Data was entered into and analysed using IBM Statistical Package for the Social Sciences (SPSS) version 24. For categorical variables, the frequency of observations and percentages were calculated. The proportion of patients who were either asymptomatic or symptomatic was described by frequency and percentage.

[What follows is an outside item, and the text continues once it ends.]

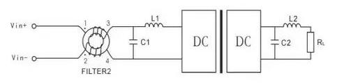 在實際應用中,電路會產(chǎn)生共模干擾,可以在模塊的輸入端采用共模扼流圈進行抑制。下面是DCDC電源模塊采用共模扼流圈的電路圖,如下圖所示:

Survival analysis was the statistical test of choice as the research objectives included time to an event, i.e. relapse/progression of MM. The outcome variable was TTP. Survival time referred to the months between the time of initiating the novel agent(s) and the TTP of the disease, which was identified based on biochemical features, with or without clinical features. Patients who relapsed/progressed were then classified as either asymptomatic (biochemical) or symptomatic (clinical). Due to the scarcity of patients who achieve complete remission (CR) or even stringent complete response (sCR), patients with very good partial response (VGPR) or partial response (PR) have been included in many studies and the term ‘relapsed/progressive disease’ is therefore collectively applied in many works in the literature. The censored observations included those patients who did not fulfil the definition of relapsed/progressive disease, patients with early death or non-myeloma-related death and patients who had defaulted follow-up.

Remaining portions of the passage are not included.